The constant forgetting (why humanity has lost its memory)

We are probably the strangest species the world has ever known, or that we are aware of. We are the only civilised animal species, since we learned to eat with a spoon and fork so as not to dirty our hands. Supposedly, we developed agriculture, fishing, architecture, navigation, astronomy, writing, and the other arts. Did we really develop them? The historical framework that narrates the progress of the human species has long suggested that this evolution occurred gradually or linearly, yet we find Mesopotamian and Egyptian civilisations, among many others, that suddenly emerged as fully formed civilisations, institutionally complete and socially organised. There is no such evolutionary evidence that led them to appear around 4000 BC in such a perfectly defined way. From the men of stones and pictographs to the men of cities and writing, there is supposed to have been the most unusual transformation behind our great institutions. It is easier to explain why humanity should not be as technologically and scientifically advanced as it is at this point than to explain how it is, according to what is established. But from that “civilised” appearance onwards, the human species has followed paths such as the loss of all memory of that part of history. And from Greek times to the new millennium, we have only been rediscovering what those first “civilised” ancestors seem to have known, judging by the unmistakable evidence of their legacy, such as pyramids or ziggurats. So instead of moving forward in a linear way through known history, what we have truly experienced is a regression, together with the constant search for our lost past.

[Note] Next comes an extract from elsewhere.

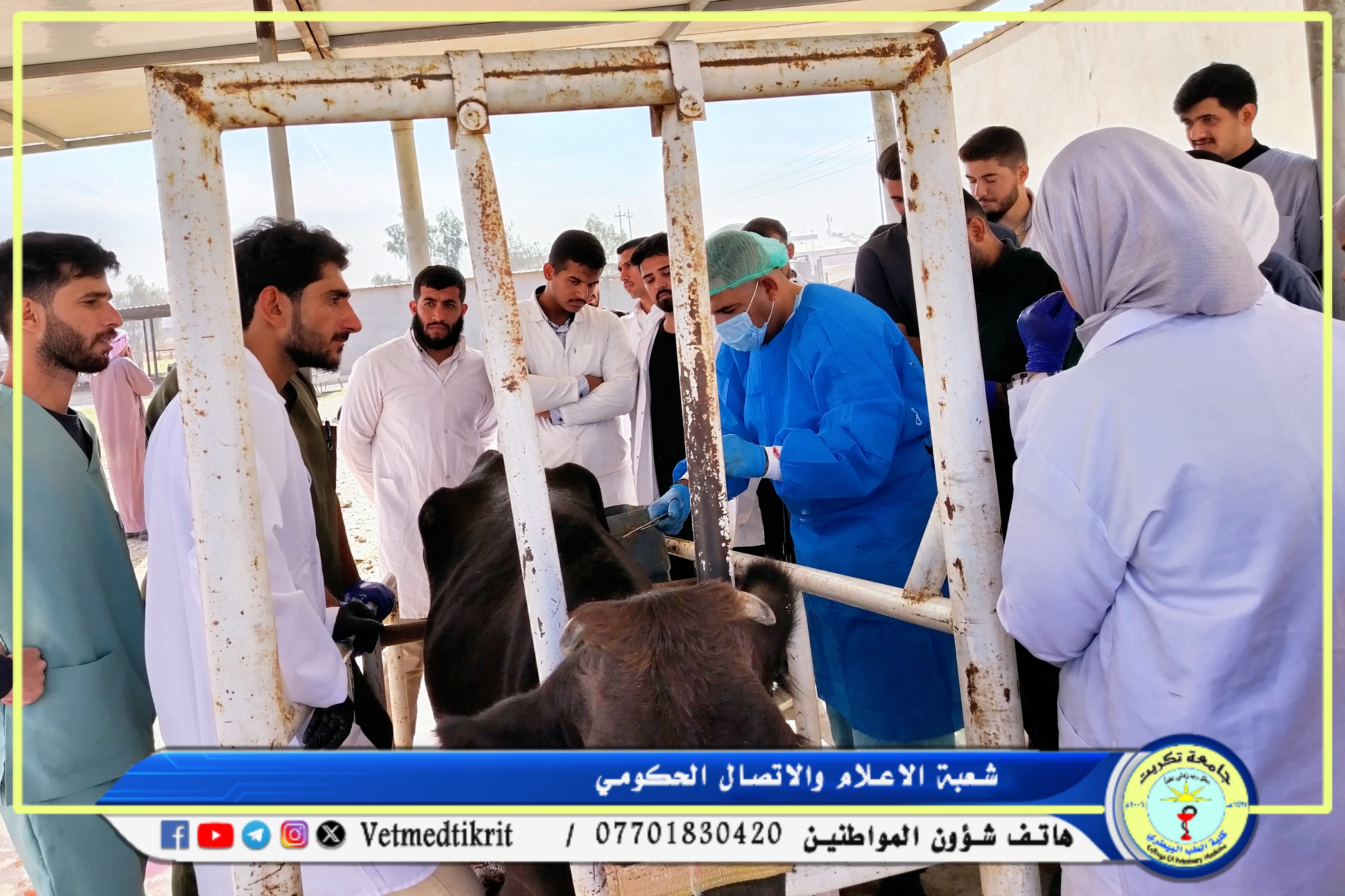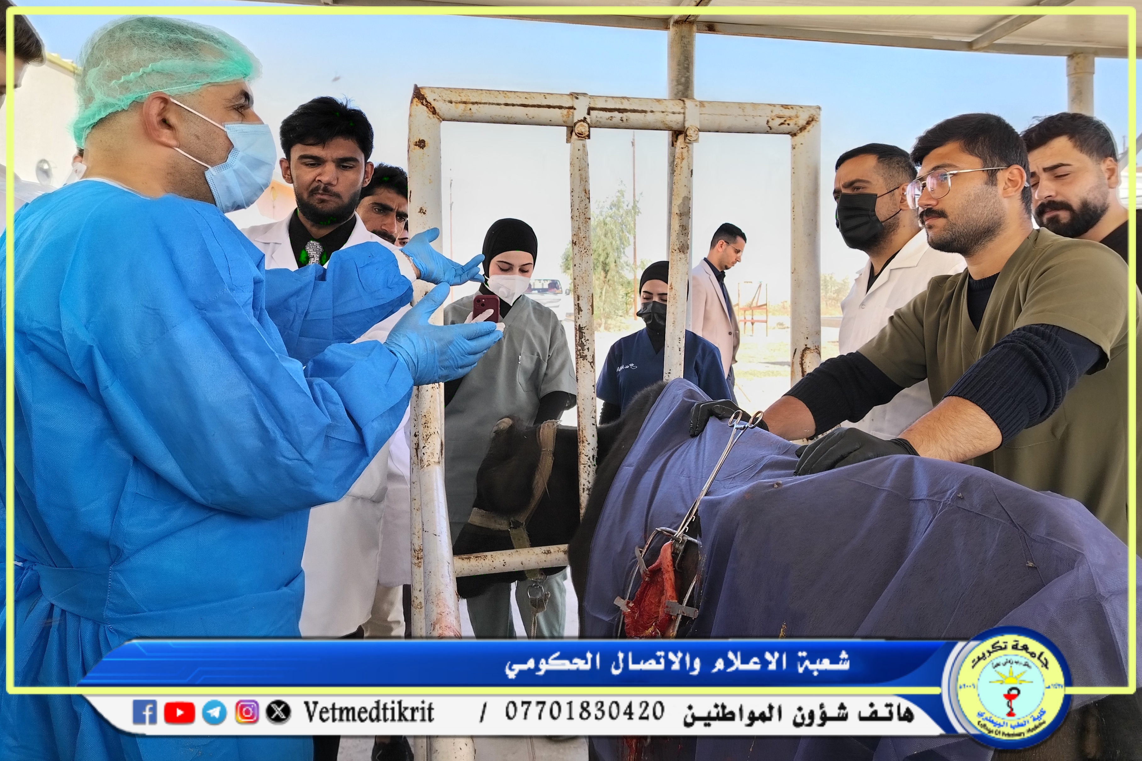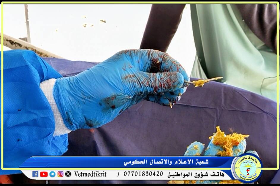 ضمن نشاطات خدمة المجتمع التي تقدمها كلية الطب البيطري بجامعة تكريت لمجتمع محافظة صلاح الدين، استقبلت وحدة العيادة الخارجية حالة بقرة تعاني من انقطاع الشهية، وقلة الحركة، وارتفاع في درجة الحرارة. تم فحص الحيوان بعناية، وبعد التشخيص، قرر الفريق الطبي إجراء عملية فتح الكرش (Rumenotomy) لاستخراج الأجسام الغريبة التي كانت مستقرة داخله وذلك تحت إشراف الدكتور منتصر محمد هلال، وبدعم ومشاركة طلبة المرحلة الخامسة، تمت العملية بنجاح حيث تم استخراج العديد من الأجسام الغريبة، ثم تم اعادة غلق العضلات وخياطة الجلد، كما تم تزويد الحيوان بالعلاجات اللازمة بعد العملية لضمان تعافيه التام.

How have we been able to forget how we got here? It is easy to answer why: we live in a society under a civilised programme called constant forgetting. Memory is lost every two or three generations. Most children will never know their great-grandparents, and if they did, they would be living in realities so different from the world around them that children or grandchildren would once again impose themselves over their ancestors, simply because they live in the programmed present. Your great-grandparents may have lived through the Second World War, and with it the entire socially programmed spectrum of propaganda of those times. They did horrible things, knowing they were doing them, yet they were driven to do so. They justified it. They saw how the war finally ended and the supposed peace arrived. Their children, and their children’s children, would have a land to live in, in peace. But they were never able to forget all those justified acts. Nor could they share them, because fifty years after the war people had forgotten the memory caused by it. It had been hidden beneath a commemorative flag once a year. There would be no more talk of war, out of shame. Because it is truly shameful that a human group, proclaimed as civilised, united unjustifiably, driven by psychopathic interests, to destroy 3.76% of humanity, official figures. We had to forget it. We have forgotten that, before destroying civilians in the known world wars, mankind had enslaved humanity under the yoke of tyranny. The “masters” possessed private human labour, not by choice but by imposition. We did those horrible things, and we also had to forget them. One part of known humanity, the programmed part, has been dominating and tyrannising another part of humanity for millennia, whether through slavery or through war.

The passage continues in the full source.